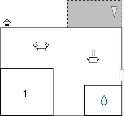 Opholdsstue/køkken 20m2 - 1 Soveplads. (Sofa, madras eller lignende).
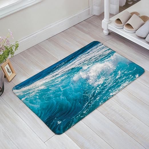 Amazon Com Ocean Theme Blue Sea Waves Door Mats Kitchen Floor Bath Entrance Rug Mat Absorbent Indoor Bathroom Decor Doormats Rubber Non Slip 18 X 30 Kitchen Dining
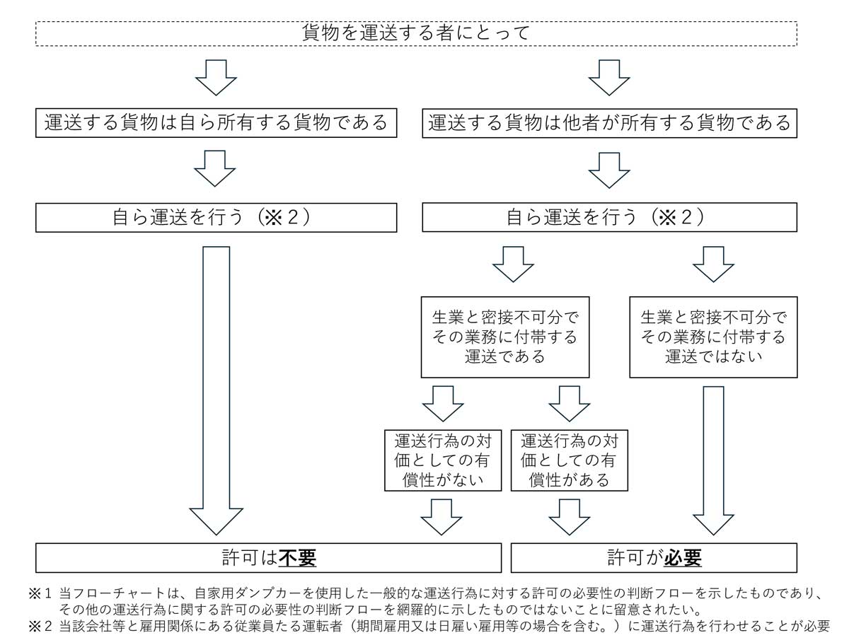 一方、「建設関連会社等が自ら所有する貨物を自ら運送する場合」、「建設関連会社等の生業と密接不可分であり、その業務に付帯するものとして運送を行う場合」は、法の許可は不要になる。
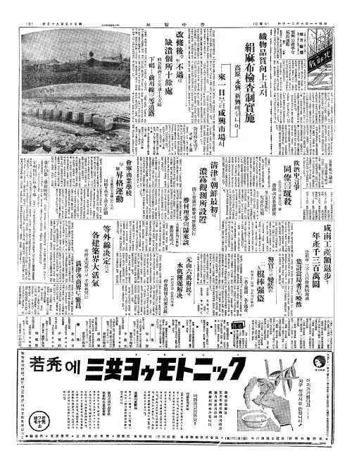 - 織物品質向上(직물품질향상)코저 絹麻布檢查制實施(견마포검사제실시)
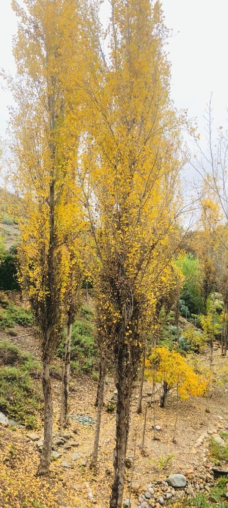 不像松柏,盤虬臥龍,終年長青; 不似柳樹,枝葉婆娑,婀娜多姿。傲然挺立的一排白楊樹,春夏之初,嫩葉翠綠,秋冬之際,轉為杏黃,寒冬來臨,枯褐乾葉鋪滿地面。落葉喬木,四季分明,變化多端。
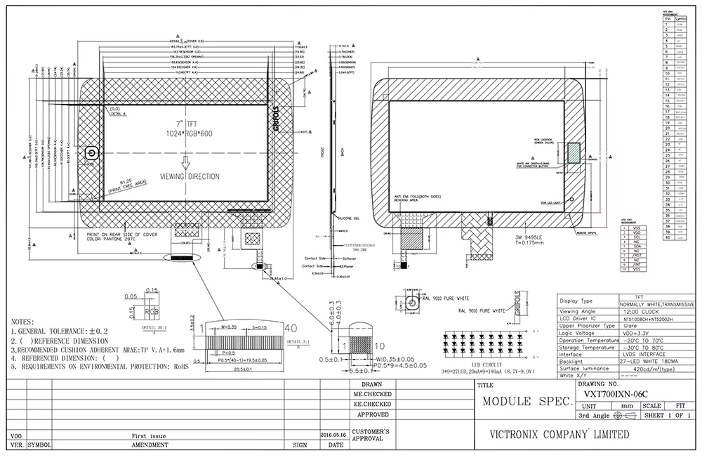 Victronix एक पेशेवर TFT मॉड्यूल निर्माता और चीन में स्थित आपूर्तिकर्ता है। इस क्षेत्र में 18 साल के अनुभव के साथ, हमने विभिन्न प्रकार के मॉडल विकसित किए हैं। हमारे मानक उत्पादों के अलावा, हम अपने ग्राहकों की विशिष्ट आवश्यकताओं को पूरा करने के लिए अनुकूलित सेवाएं भी प्रदान करते हैं। यह विक्ट्रोनिक्स 7 इंच 1024 × 600 सामान्य रूप से सफेद टीएफटी एलसीडी मॉड्यूल एक उच्च गुणवत्ता वाला 7 इंच टीएफटी एलसीडी मॉड्यूल है जो औद्योगिक अनुप्रयोगों की मांग के लिए इंजीनियर है। 1024 × 600 पिक्सल (WSVGA) के मूल संकल्प की विशेषता, यह विस्तृत डेटा प्रस्तुति, उपयोगकर्ता इंटरफेस और निगरानी कार्यों के लिए आवश्यक तेज, स्पष्ट दृश्य प्रदान करता है।
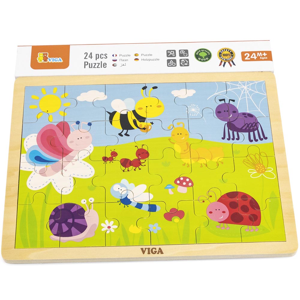 Puzle de 24 piezas con dibujos de el mismo patrón en la base de madera plana. De excelente calidad y diseño.
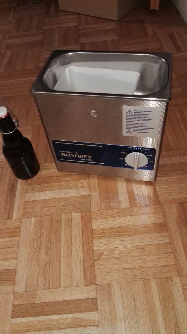 Mein Ultraschallbad - mit 0,3l Flasche als Größenvergleich
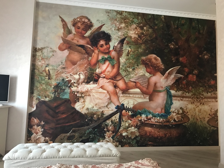 А мне очень нравится, но у нас не фотообои, а фрески, но в принципе одно и то же)
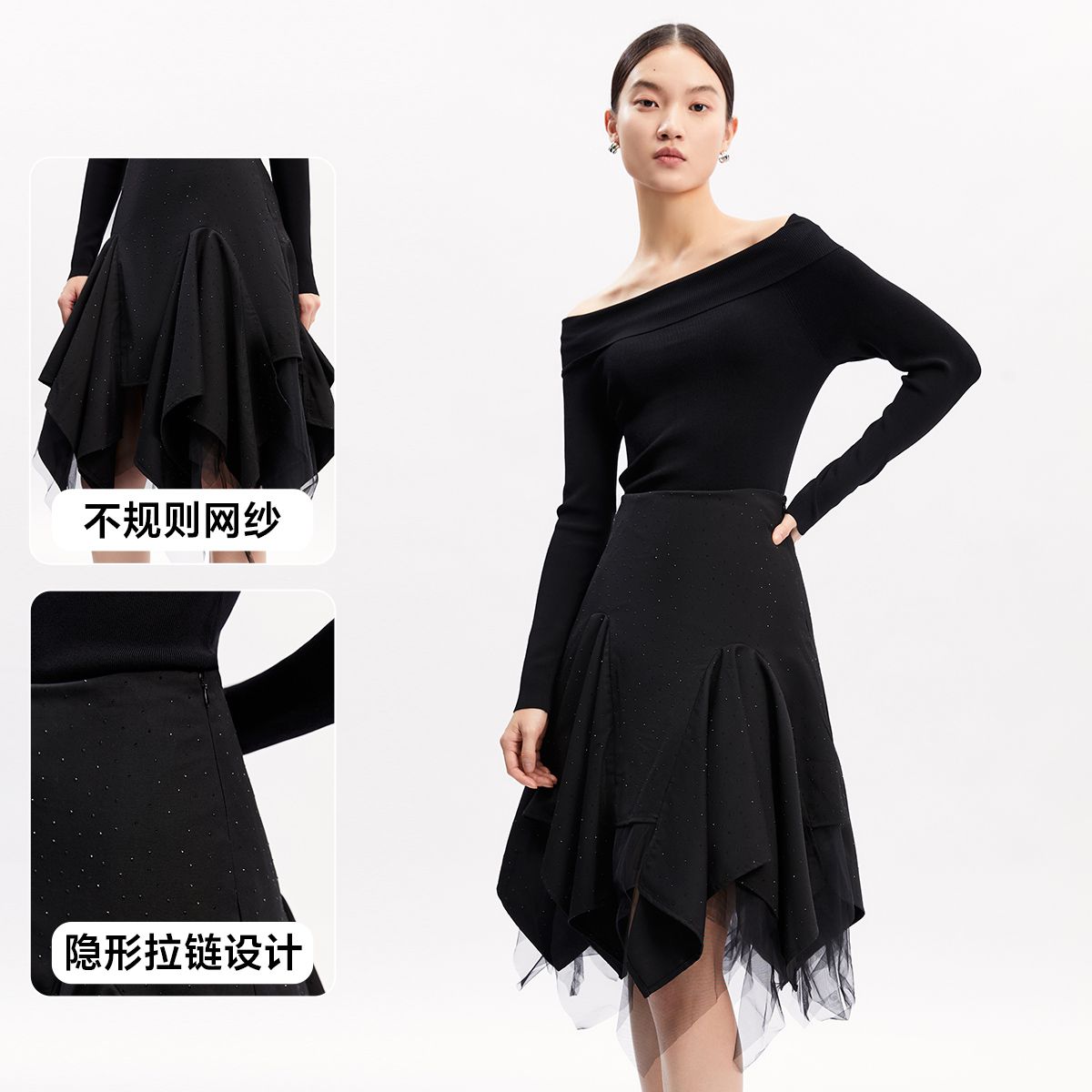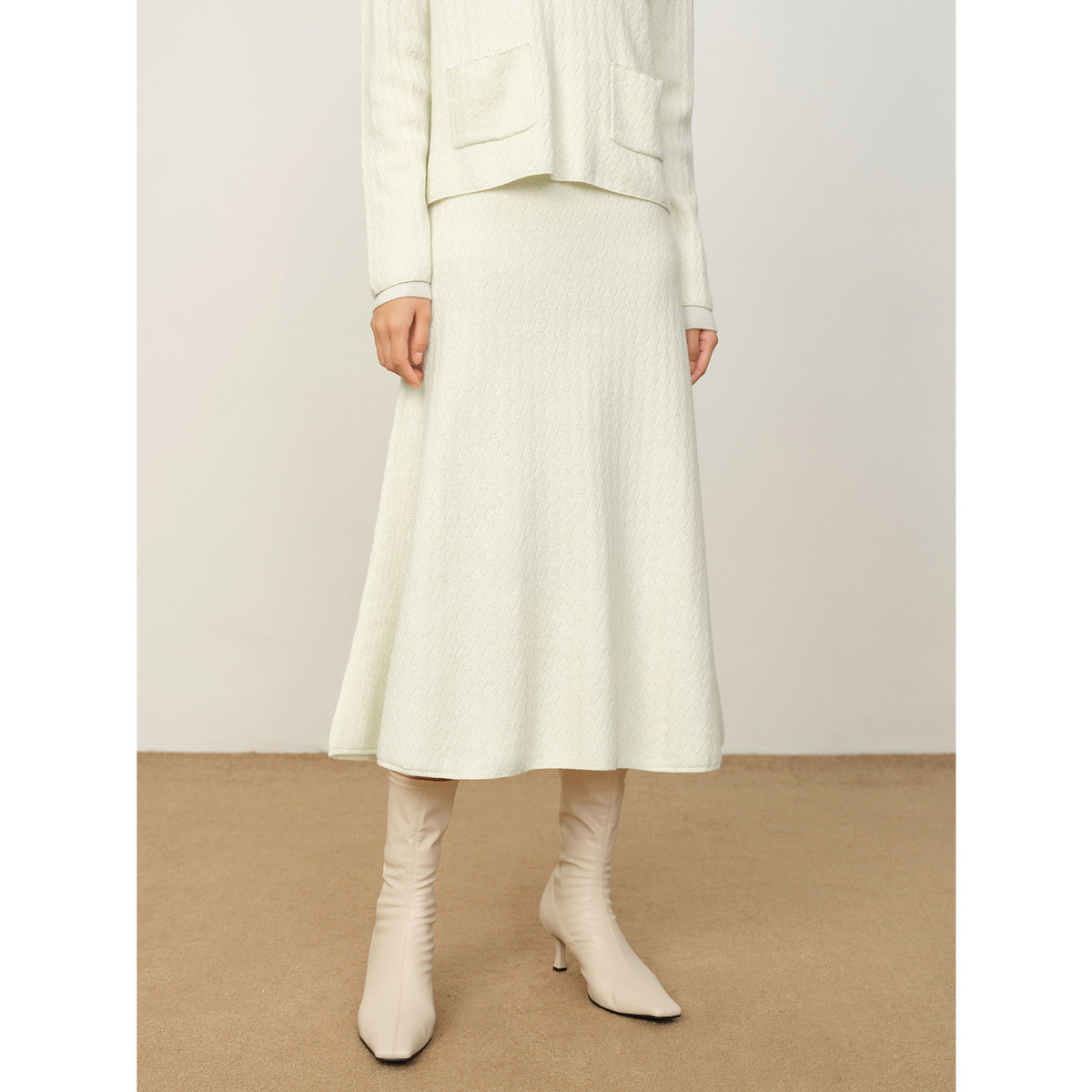 玖姿旗下安娜蔻系列优雅松紧针织半裙毛衫长款腰裙伞裙女冬季 886540
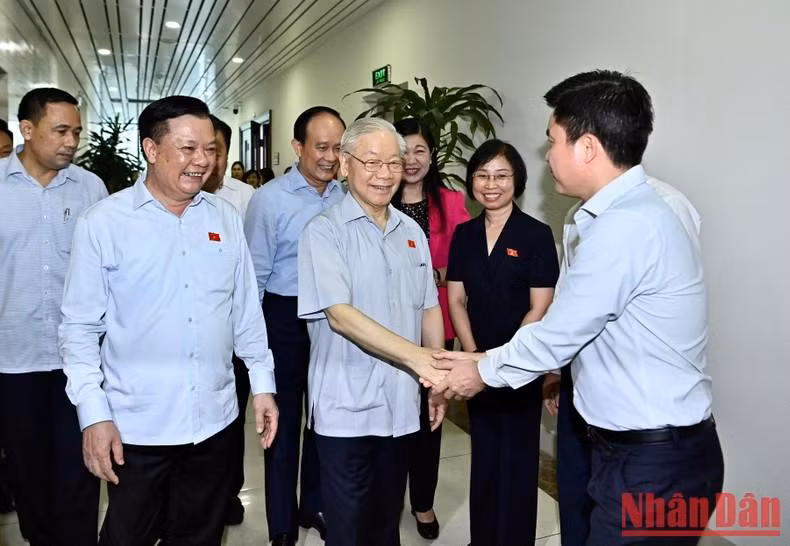 | Party chief Nguyen Phu Trong attends the meeting with voters in Hanoi's constituency No.1. |
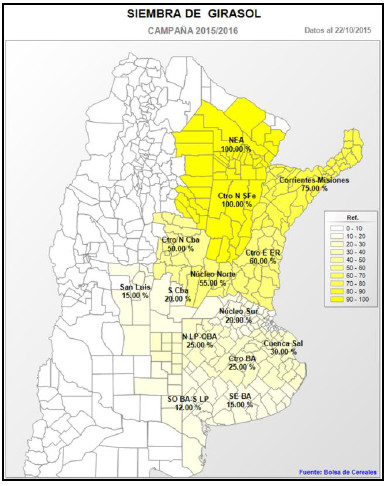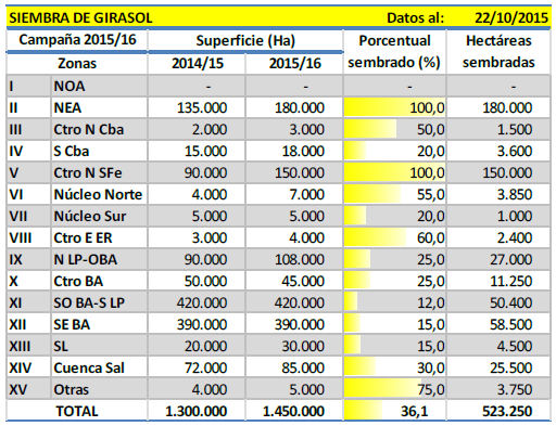 La fluida incorporación de cuadros de girasol sobre el Norte de La Pampa-Oeste de Buenos Aires, Centro de Buenos Aires, Sudoeste de Buenos Aires-Sur de La Pampa y Sudeste de Buenos Aires, permitió alcanzar un progreso intersemanal de 6,8 puntos porcentuales y elevar la siembra a nivel nacional al 36,1 % de la superficie aún proyectada en 1.450.000 hectáreas. Al presente informe el retraso interanual en la siembra es de –4,4 puntos porcentuales, y en números absolutos ya se ha logrado implantar más de 520.000 hectáreas.
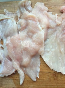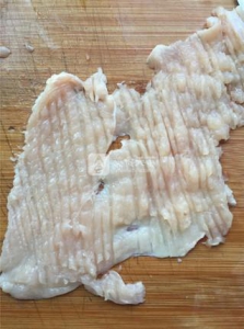 3、用刀背切斷雞脯肉的纖維,逆著切
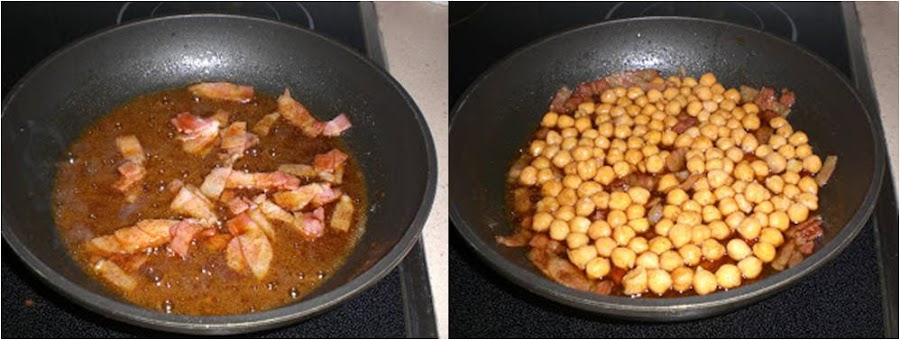 Seguidamente, incorporamos los garbanzos limpios y escurridos y que se mezclen bien con el juguito y con el beicon. Vereis que van cogiendo color rojizo.

◇ ◇ ◇

When you repeat the records, reproduce each line exactly and drop the images.

TASK SOLUTION
 Opholdsstue/køkken 20m2 - 1 Soveplads. (Sofa, madras eller lignende).
 Amazon Com Ocean Theme Blue Sea Waves Door Mats Kitchen Floor Bath Entrance Rug Mat Absorbent Indoor Bathroom Decor Doormats Rubber Non Slip 18 X 30 Kitchen Dining
 一方、「建設関連会社等が自ら所有する貨物を自ら運送する場合」、「建設関連会社等の生業と密接不可分であり、その業務に付帯するものとして運送を行う場合」は、法の許可は不要になる。
 - 織物品質向上(직물품질향상)코저 絹麻布檢查制實施(견마포검사제실시)
 不像松柏,盤虬臥龍,終年長青; 不似柳樹,枝葉婆娑,婀娜多姿。傲然挺立的一排白楊樹,春夏之初,嫩葉翠綠,秋冬之際,轉為杏黃,寒冬來臨,枯褐乾葉鋪滿地面。落葉喬木,四季分明,變化多端。
 Victronix एक पेशेवर TFT मॉड्यूल निर्माता और चीन में स्थित आपूर्तिकर्ता है। इस क्षेत्र में 18 साल के अनुभव के साथ, हमने विभिन्न प्रकार के मॉडल विकसित किए हैं। हमारे मानक उत्पादों के अलावा, हम अपने ग्राहकों की विशिष्ट आवश्यकताओं को पूरा करने के लिए अनुकूलित सेवाएं भी प्रदान करते हैं। यह विक्ट्रोनिक्स 7 इंच 1024 × 600 सामान्य रूप से सफेद टीएफटी एलसीडी मॉड्यूल एक उच्च गुणवत्ता वाला 7 इंच टीएफटी एलसीडी मॉड्यूल है जो औद्योगिक अनुप्रयोगों की मांग के लिए इंजीनियर है। 1024 × 600 पिक्सल (WSVGA) के मूल संकल्प की विशेषता, यह विस्तृत डेटा प्रस्तुति, उपयोगकर्ता इंटरफेस और निगरानी कार्यों के लिए आवश्यक तेज, स्पष्ट दृश्य प्रदान करता है।
 Puzle de 24 piezas con dibujos de el mismo patrón en la base de madera plana. De excelente calidad y diseño.
 Mein Ultraschallbad - mit 0,3l Flasche als Größenvergleich
 А мне очень нравится, но у нас не фотообои, а фрески, но в принципе одно и то же)
 玖姿旗下安娜蔻系列优雅松紧针织半裙毛衫长款腰裙伞裙女冬季 886540
 | Party chief Nguyen Phu Trong attends the meeting with voters in Hanoi's constituency No.1. |
 La fluida incorporación de cuadros de girasol sobre el Norte de La Pampa-Oeste de Buenos Aires, Centro de Buenos Aires, Sudoeste de Buenos Aires-Sur de La Pampa y Sudeste de Buenos Aires, permitió alcanzar un progreso intersemanal de 6,8 puntos porcentuales y elevar la siembra a nivel nacional al 36,1 % de la superficie aún proyectada en 1.450.000 hectáreas. Al presente informe el retraso interanual en la siembra es de –4,4 puntos porcentuales, y en números absolutos ya se ha logrado implantar más de 520.000 hectáreas.
 3、用刀背切斷雞脯肉的纖維,逆著切
 Seguidamente, incorporamos los garbanzos limpios y escurridos y que se mezclen bien con el juguito y con el beicon. Vereis que van cogiendo color rojizo.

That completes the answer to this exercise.